* [REQUIRED ACTION]: Without the pictures, copy all the entries below exactly.

* [THE DATA]:
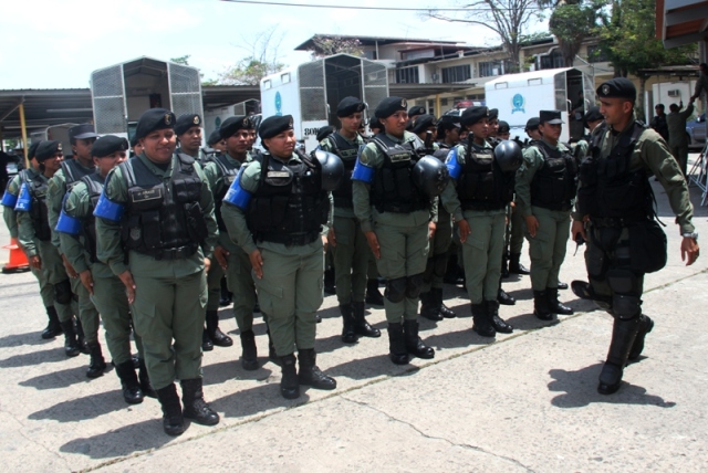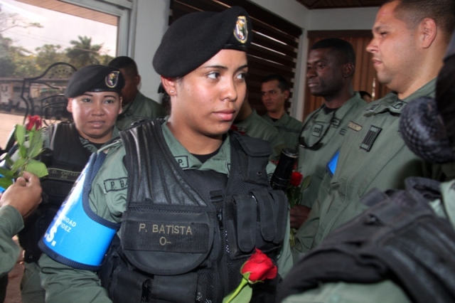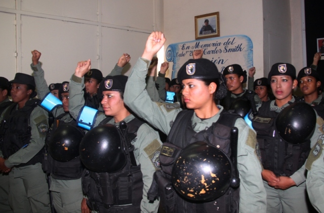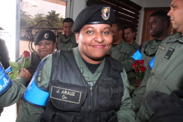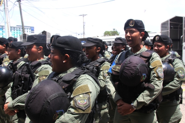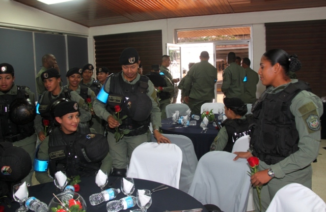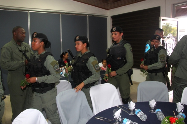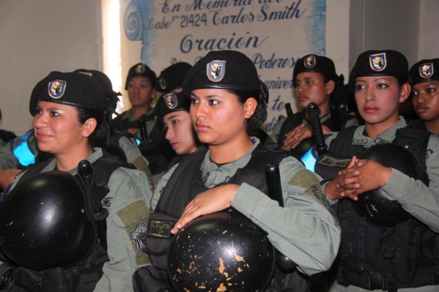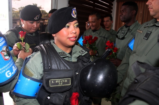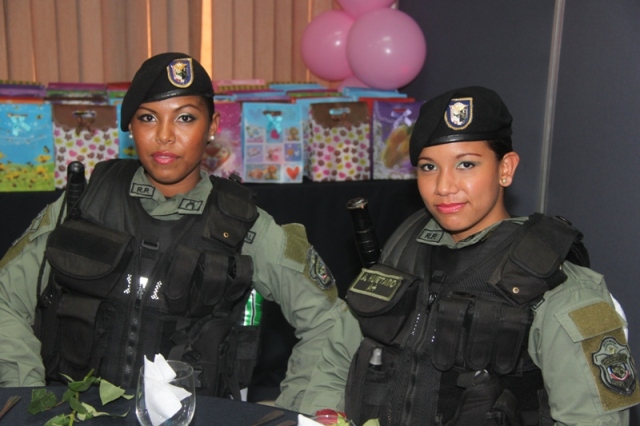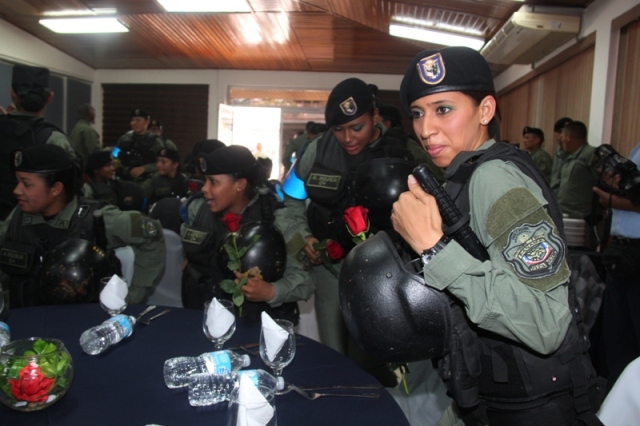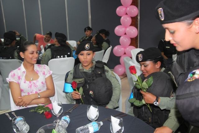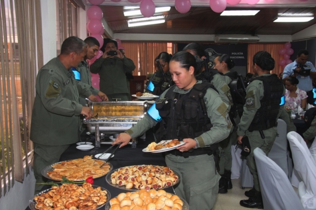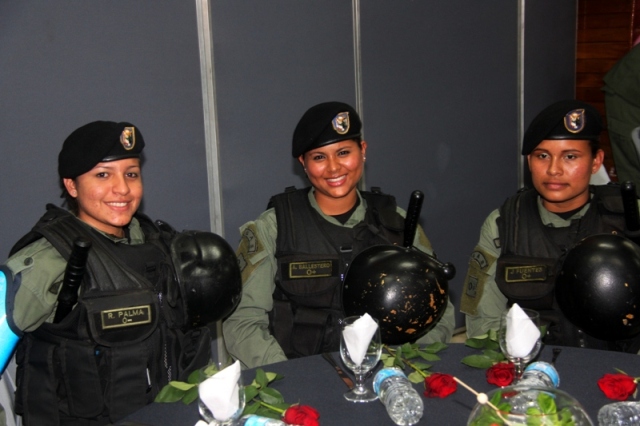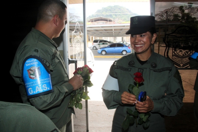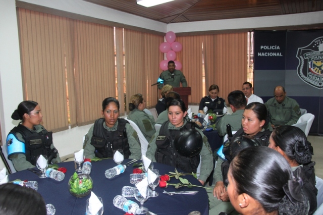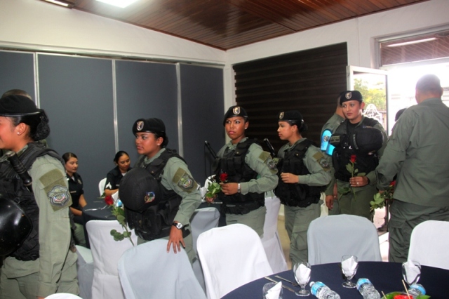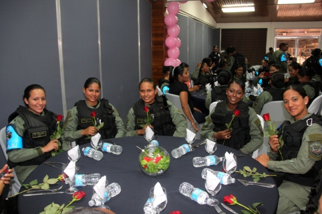 No es el día de los inocentes, tampoco el día de las madres, pero este grupo de uniformadas fueron sorprendidas por la institución en celebración del Día Internacional de la Mujer. Alrededor de las 11:30 de la mañana del viernes siete de marzo abordaron, como de costumbre, un autobús para dirigirse a un operativo. Todas listas con sus implementos de trabajo completos y armadas de valor. Esa era la consigna. Lo que ellas no esperaban fue verse de regreso a la sede principal de Ancón, bajo la excusa de retorno por búsquedas de unidades extras necesarias en el operativo, para después beneficiarse de tremendo agasajo y en compañía altas autoridades de la Policía Nacional, entre ellos el Director Nacional de Operaciones, Comisionado Miguel García y el Jefe del GAS, Mayor Alejandro Urriola. Lógicamente lo del operativo era totalmente falso. Cabe mencionar que, durante el abordaje, mientras salían y se movilizaban en el autobús lo que pasaba por sus mentes era muy diferente a lo que les resultó al final, cuando todo aquel nerviosismo, adrenalina e ímpetu quedaron en expresiones de agradecimiento, alegría y satisfacción con la Policía. El actual protagonismo de la mujer policía ha permitido a la primera institución de seguridad pública conquistar territorios, avanzar en el proceso histórico institucional, combatiendo los estereotipos de género. |
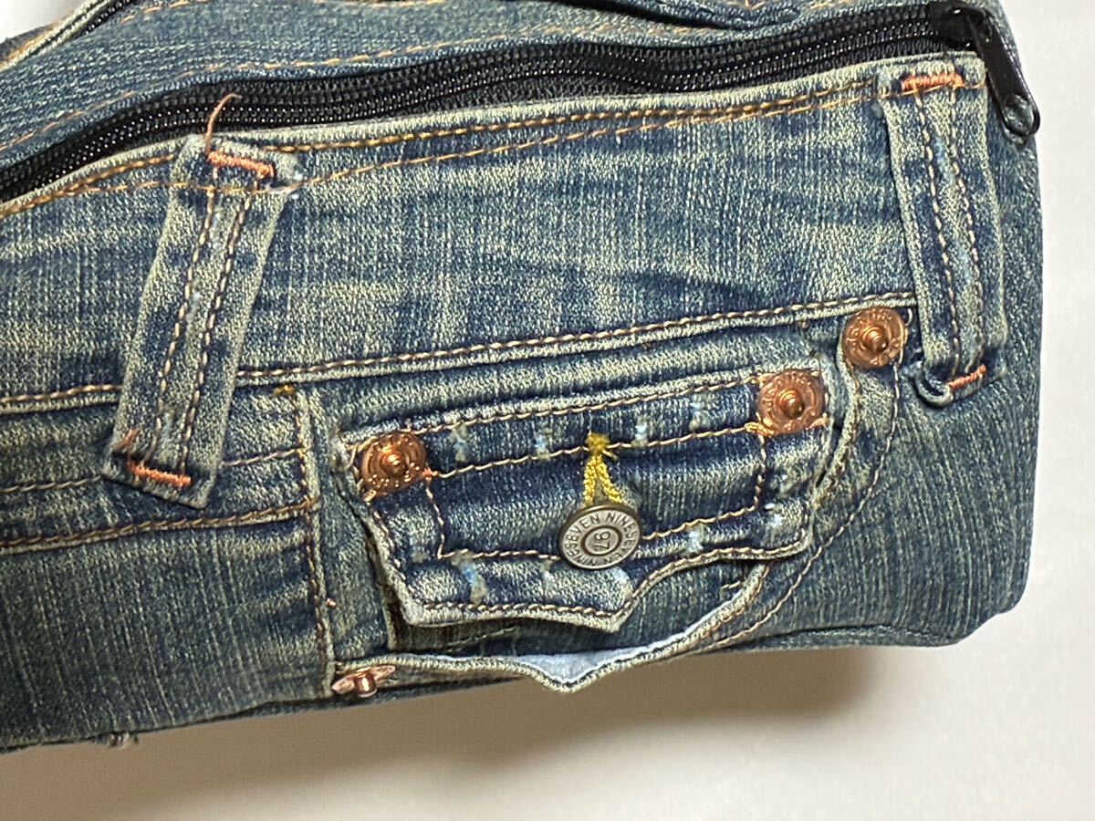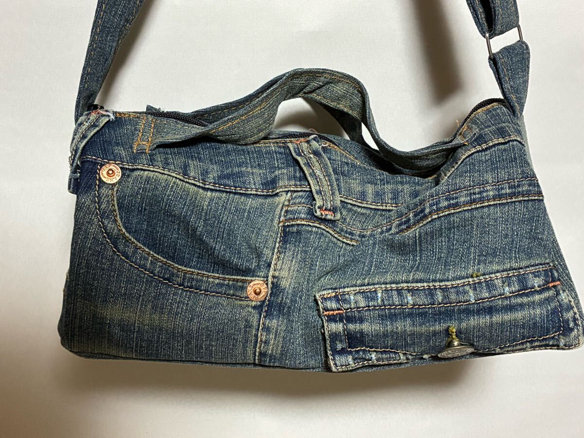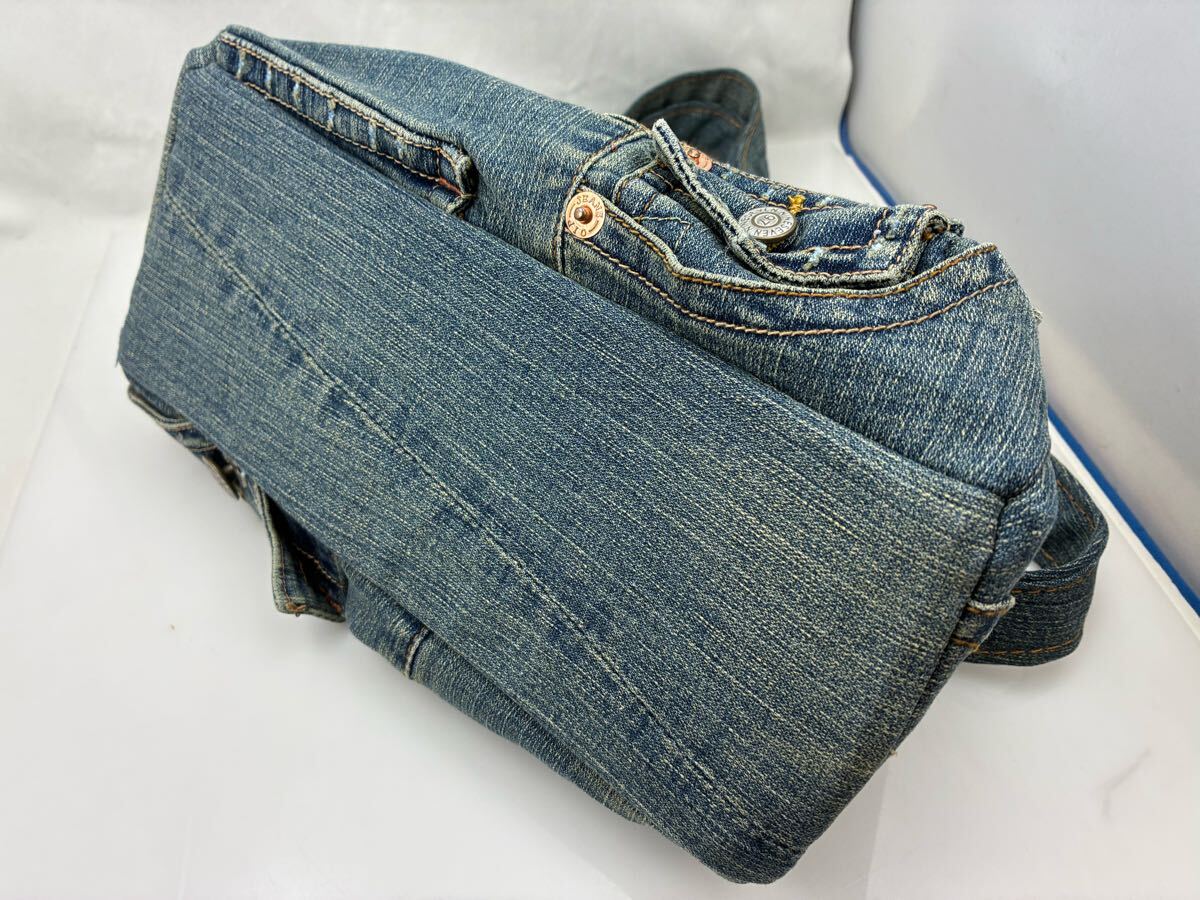 ジーンズ リメイクバッグ デニム ショルダー バッグ 約幅30cm×縦12cm×マチ11cm コンパクト バック ハンドメイド 自宅保管品 送料込み
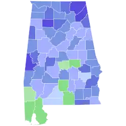 1. ^ a b c d e f In this county where Blount ran third behind Sparkman and LeFlore, margin given is Sparkman vote minus LeFlore vote and percentage margin Sparkman percentage minus LeFlore percentage.
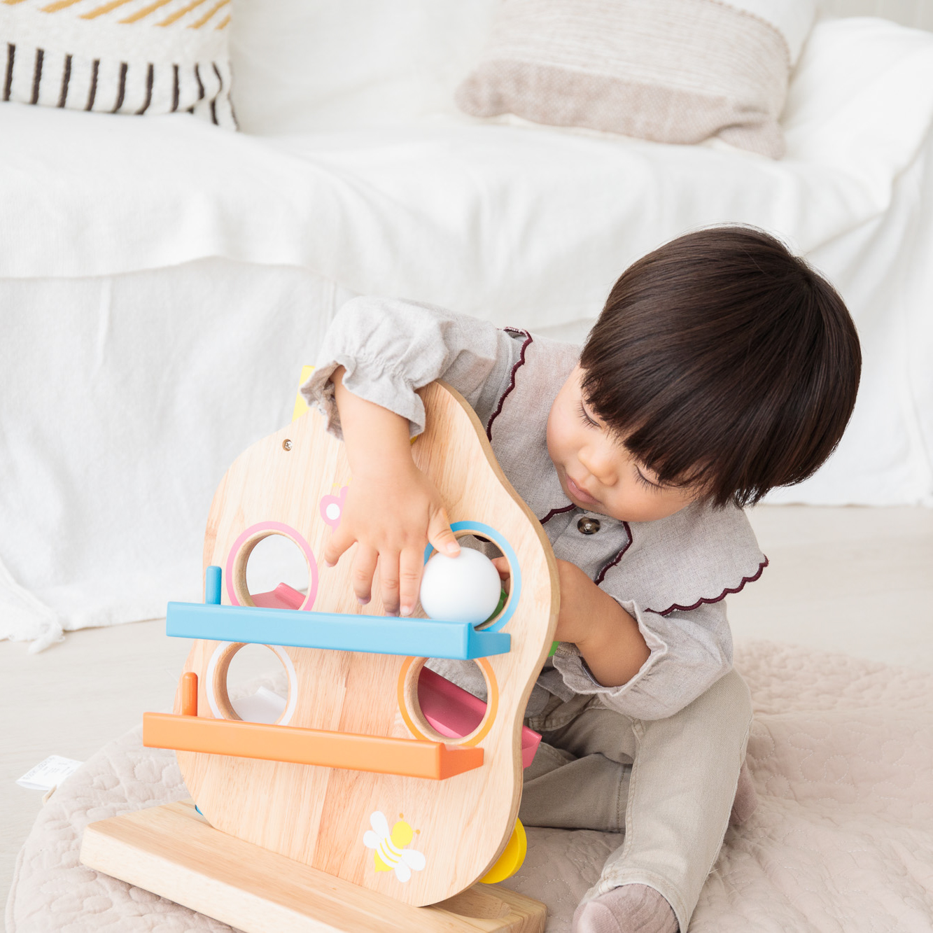 遊びの楽しさと安心への配慮が詰まったこちらのおもちゃは、お子さまが夢中になって遊べるのはもちろん、成長に寄り添いながら長くお使いいただけます。 誤飲の心配にも配慮した設計のため、はじめてのおもちゃとしても安心。 出産祝いやお誕生日など、大切な節目に贈るギフトとしてもおすすめです。
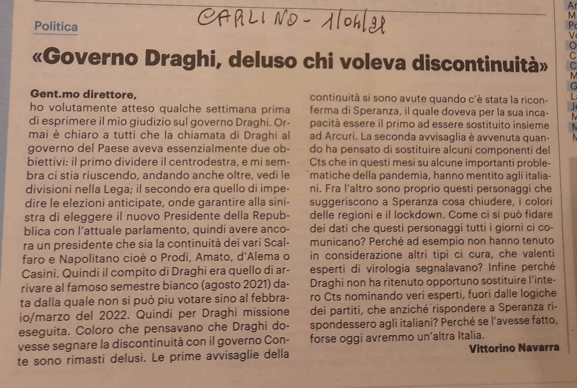 Amici, venti primaverili romani ci dicono di un Draghi intenzionato a dimettersi perché' stanco dei giochetti dei partiti che compongono la maggioranza. Se ciò fosse vero sarebbe la conferma di quanto da me anticipato sulla stampa il 1° aprile 2021.

* [YOUR SOLUTION]:
 No es el día de los inocentes, tampoco el día de las madres, pero este grupo de uniformadas fueron sorprendidas por la institución en celebración del Día Internacional de la Mujer. Alrededor de las 11:30 de la mañana del viernes siete de marzo abordaron, como de costumbre, un autobús para dirigirse a un operativo. Todas listas con sus implementos de trabajo completos y armadas de valor. Esa era la consigna. Lo que ellas no esperaban fue verse de regreso a la sede principal de Ancón, bajo la excusa de retorno por búsquedas de unidades extras necesarias en el operativo, para después beneficiarse de tremendo agasajo y en compañía altas autoridades de la Policía Nacional, entre ellos el Director Nacional de Operaciones, Comisionado Miguel García y el Jefe del GAS, Mayor Alejandro Urriola. Lógicamente lo del operativo era totalmente falso. Cabe mencionar que, durante el abordaje, mientras salían y se movilizaban en el autobús lo que pasaba por sus mentes era muy diferente a lo que les resultó al final, cuando todo aquel nerviosismo, adrenalina e ímpetu quedaron en expresiones de agradecimiento, alegría y satisfacción con la Policía. El actual protagonismo de la mujer policía ha permitido a la primera institución de seguridad pública conquistar territorios, avanzar en el proceso histórico institucional, combatiendo los estereotipos de género. |
 ジーンズ リメイクバッグ デニム ショルダー バッグ 約幅30cm×縦12cm×マチ11cm コンパクト バック ハンドメイド 自宅保管品 送料込み
 1. ^ a b c d e f In this county where Blount ran third behind Sparkman and LeFlore, margin given is Sparkman vote minus LeFlore vote and percentage margin Sparkman percentage minus LeFlore percentage.
 遊びの楽しさと安心への配慮が詰まったこちらのおもちゃは、お子さまが夢中になって遊べるのはもちろん、成長に寄り添いながら長くお使いいただけます。 誤飲の心配にも配慮した設計のため、はじめてのおもちゃとしても安心。 出産祝いやお誕生日など、大切な節目に贈るギフトとしてもおすすめです。
 Amici, venti primaverili romani ci dicono di un Draghi intenzionato a dimettersi perché' stanco dei giochetti dei partiti che compongono la maggioranza. Se ciò fosse vero sarebbe la conferma di quanto da me anticipato sulla stampa il 1° aprile 2021.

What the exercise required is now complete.